To achieve portability in a radiation detector, it is necessary that the SF/PMT detector be small and battery-operated.  SFs can be purchased in transverse sizes of 0.1 mm to 5 mm.  The transverse size does not pose problems.  However, for a PMT and its power source to be 'small', it is important to choose a battery-operated, compact, PMT.  Fortunately, these are now available commercially.

The choice of battery type for the PMT is important.  To be comfortably 'portable', and 'reliable', these batteries should be small, light, have a long shelf life and have large 'stored energies'.  The latter properties are important for reliable operation without frequent testing.  Lithium primary batteries are a good choice.

A method to insure that the SF/PMT detector power is 'ON' may be desired.  This may, for example, be provided by a LED which will be powered when the SF/PMT detector is 'ON'.  However, the 'continuous-testing' feature of our device (see next) obviates this
need.
 

QUICKLY AND CONTINUOUSLY TESTING A SF/PMT RADIATION DETECTOR

A complete, rapid, simple, and continuous test for radiation detection can be achieved by putting an 'EXEMPT' radiation source near the SF.  The 'EXEMPT' radiation source will cause an audio signal when placed near the SF, confirming that the SF/PMT radiation detector is powered and functional.  ('EXEMPT' radiation sources are small, cheap, and safe because their radio- activity is very low).  No other radiation detector offers this 'continuous-in-use' testing.

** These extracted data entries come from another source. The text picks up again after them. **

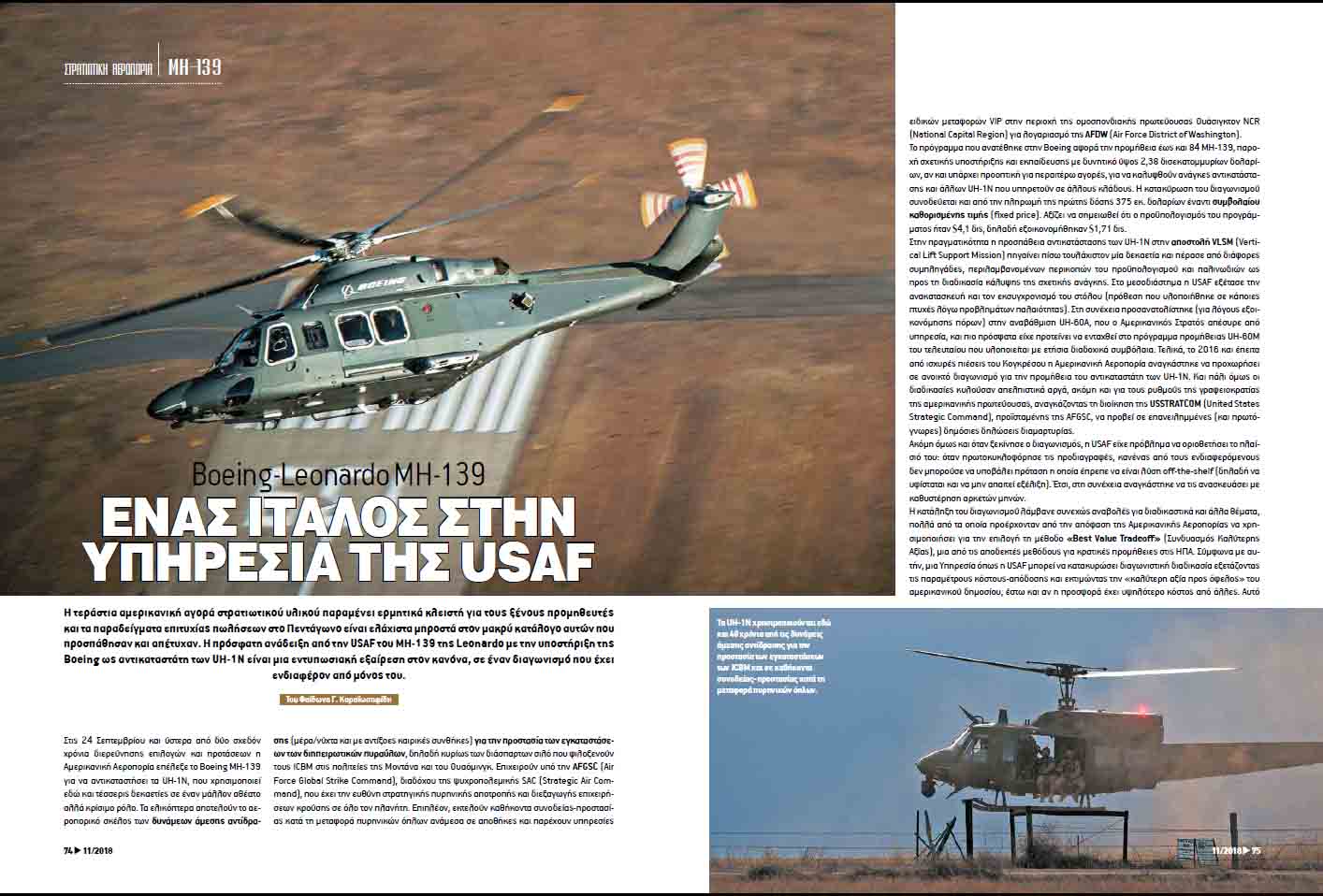 H τεράστια αμερικανική αγορά στρατιωτικού υλικού παραμένει ερμητικά κλειστή για τους ξένους προμηθευτές. Η πρόσφατη ανάδειξη από την USAF του MH-139 της Leonardo με την υποστήριξη της Boeing ως αντικαταστάτη των UH-1N είναι μια εντυπωσιακή εξαίρεση στον κανόνα, σε έναν διαγωνισμό που έχει ενδιαφέρον από μόνος του.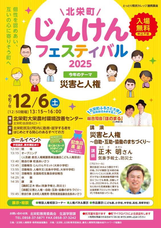 さまざまな人権問題についての認識を深め、人権を身近に感じていただくことにより、人権意識の高揚を図り、差別や偏見、人権侵害のない住みよいまちづくりを推進することを目的に、北栄町じんけんフェスティバル2025を開催します。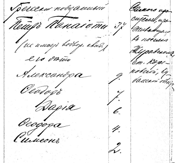 Это были: двоюродный брат Панайоти Иван Петрович с женой Анастасией, Паниота Фёдор Петрович с женой Еленой (родная сестра Петра Степановича), Надежда Степановна замужем за Федорченко Алексеем, вторая сестра Евдокия Степановна за мужем за Задвицким Фёдором. Родственники жены: Середа Фёдор Иванович с женой Анной, Середа Александр Иванович с женой Неонилой, Середа Павел Александрович с женой Матрёной.
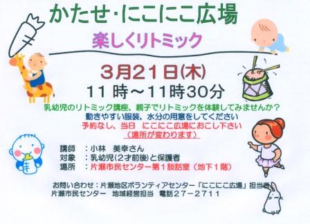 ブログ印刷2013/03/08 10:00 投稿者:ボラセン01にこにこ広場の「楽しくリトミック」「かたせ・にこにこ広場」では、「楽しくリトミック」を行います。日時 3月21日(木)11時~11時半場所 片瀬市民センターの第1談話室(地下)。2歳前後の乳幼児とご家族の皆様どうぞ遠慮なく、おいでください。気持ちよい、汗(?)をながしませんか。(今年度最後の企画となります。さて、ボランティアセンターの年度とは?4月から翌年3月までがサイクルとなっています) 片瀬地区ボランティアセンターへ戻る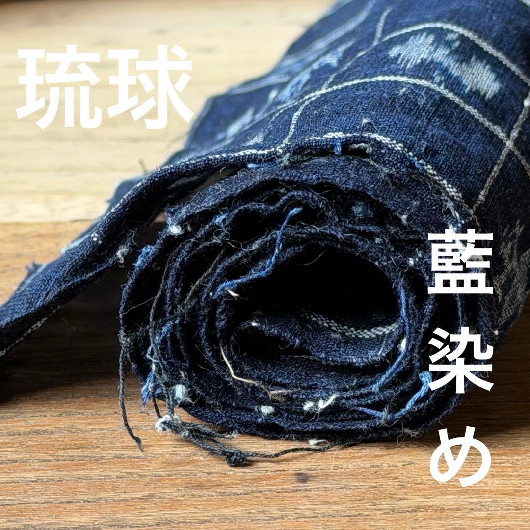 21 藍染め 絣 琉球? 木綿 古布 リメイク パッチワーク 時代布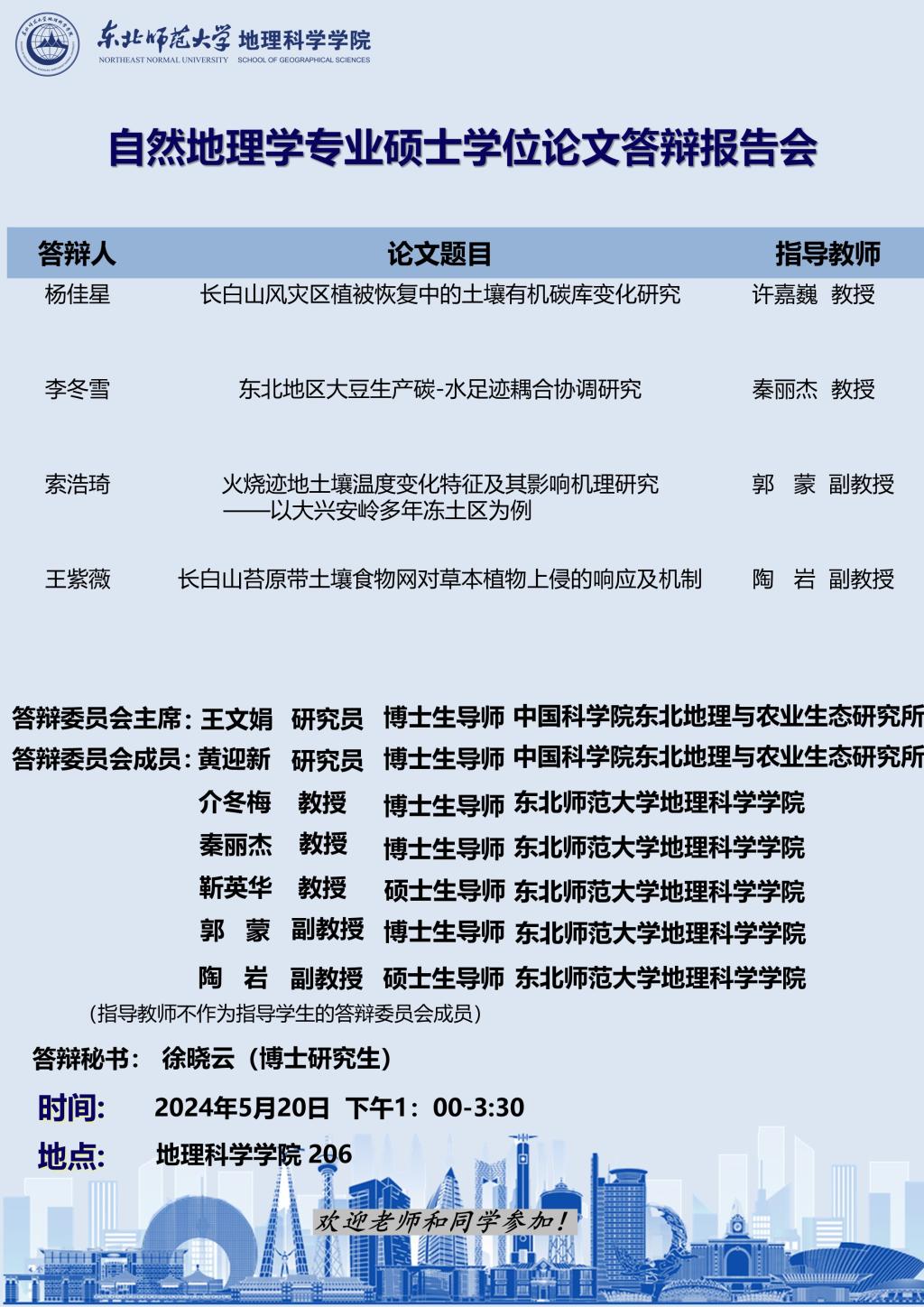 【硕博答辩】自然地理学专业硕士学位论文答辩报告会

To allow this test, it is important that the voltage-to-audio-frequency converter produce a 'square' wave output.  With a (very low radio-activity) 'EXEMPT' source, the frequency output of the converter will be ~ a few Hz, too low to be heard as a 'sine wave' by the human ear.  However, with 'square' wave output, the human ear can easily detect frequencies of < 1 Hz, because the 'harmonic' content of a 'square' wave leads to easily heard 'click' sounds.

The device test will be 'continuous-in-use'.  A 'continuous-in-use' test is achieved by leaving the 'EXEMPT' radiation source next to the SF at all times.  Since the 'EXEMPT' radiation source emits very low-level (safe) radiation, there will be no health risk to the SF/PMT 'wearer'.   Since the 'EXEMPT' source emits very low-level (safe) radiation, its low frequency ('click') signal can be continuously discerned with a voltage-to-(square wave) frequency converter.  Since the 'EXEMPT' source can be long-lived (e.g., Cs-137 has a half-life of 30.7 years), the 'continuous- in-use' test will be long-lived.

The 'voltage-to-audio-frequency' converter, with EXEMPT radiation, powered by small, simple integrated circuits, would use the same battery source as the SF/PMT detector.  The 'pouch' can easily hold all electronic circuit components for 'continuous-in-use' test operation.

The advantage of this radiation detection device may be represented by the admonition:

'IF YOU HEAR 'CLICKS', THE RADIATION DETECTOR IS WORKING!' (showing the safety of 'continuous-in-use' testing...).

'IF YOU DON'T HEAR 'CLICKS', GET ANOTHER RADIATION DETECTOR!'  (showing the convenience of 'pouch'-carried radiation detectors...).

Thus, testing of the SF/PMT radiation detector will be fast, complete, simple, and reliable.